Let’s review what happened last time and what analysts are expecting for March.
What happened before?
- Hiring in February increased by 678K vs. 407K consensus
- Unemployment rate fell from 4.0% to 3.8% vs. 3.9% estimate
- Average hourly earnings came in flat instead of posting a 0.5% uptick
- January reading upgraded from 467K to 481K
Uncle Sam had back-to-back upside NFP surprises, as its jobs figure for February once again surpassed estimates.
Employment rose by 678K, enough to bring the unemployment rate down to 3.8% for the month. To top it off, the previous report enjoyed a decent upgrade from 467K to 481K.
The downside, however, is that there was no wage growth to be seen. Average hourly earnings posted a flat reading instead of increasing by the estimated 0.5% figure.
This was probably why the dollar didn’t have such a strong bullish reaction to the report. It even slid against the Aussie, Kiwi, and yen after the actual numbers were printed.
What’s expected this time?
- March NFP to come in at 492K
- March unemployment rate to tick lower to 3.7%
- Average hourly earnings to show 0.4% increase
Market watchers are bracing for an increase of 492K in hiring for March, which should be enough to bring the jobless rate down a notch to 3.7%.
This time, dollar bulls are hoping to see some wage growth, with the average hourly earnings figure slated to show a 0.4% gain. Otherwise, another bleak wage reading might spur stagflation concerns!
So far, leading indicators are pointing to good results. The JOLTS job openings figure beat expectations at 11.27 million versus the projected 11 million gain while the ADP non-farm employment change came in line with consensus at 455K.

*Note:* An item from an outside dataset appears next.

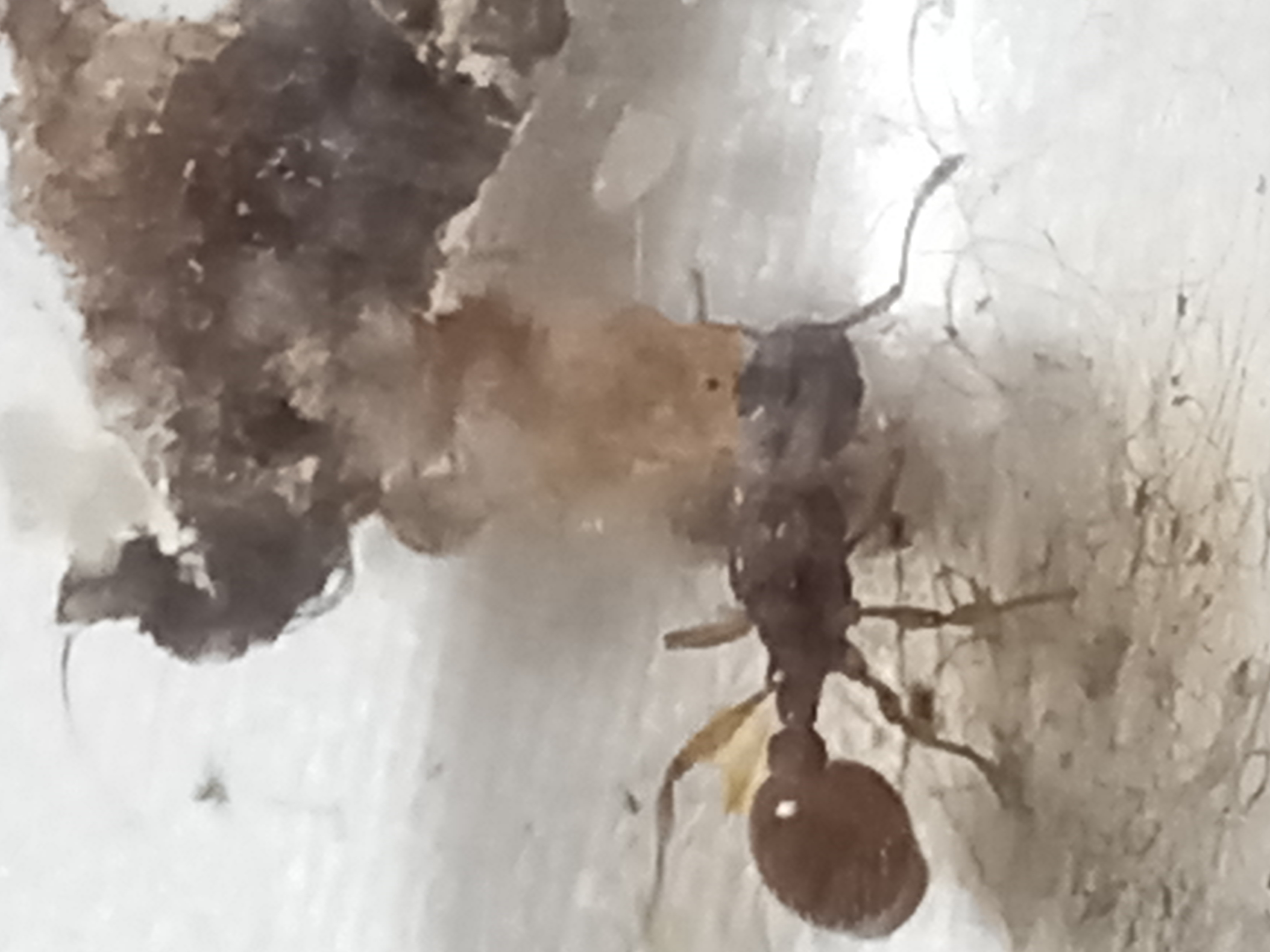 Außerdem habe ich seit 2-3 Monaten eine Feuerameisenkönigin, welche jetzt ihre erste Arbeiterin hat.

Another big upside surprise could fuel hopes of back-to-back Fed rate hikes, possibly even floating the possibility of a 0.50% increase in borrowing costs in the next FOMC meeting.
If you’re planning on trading this top-tier event, make sure you check out the average volatility of USD pairs as a guide in setting stops and targets.
But if you’re not comfortable with potential price spikes, it’s totally okay to sit on the sidelines and watch price action unfold.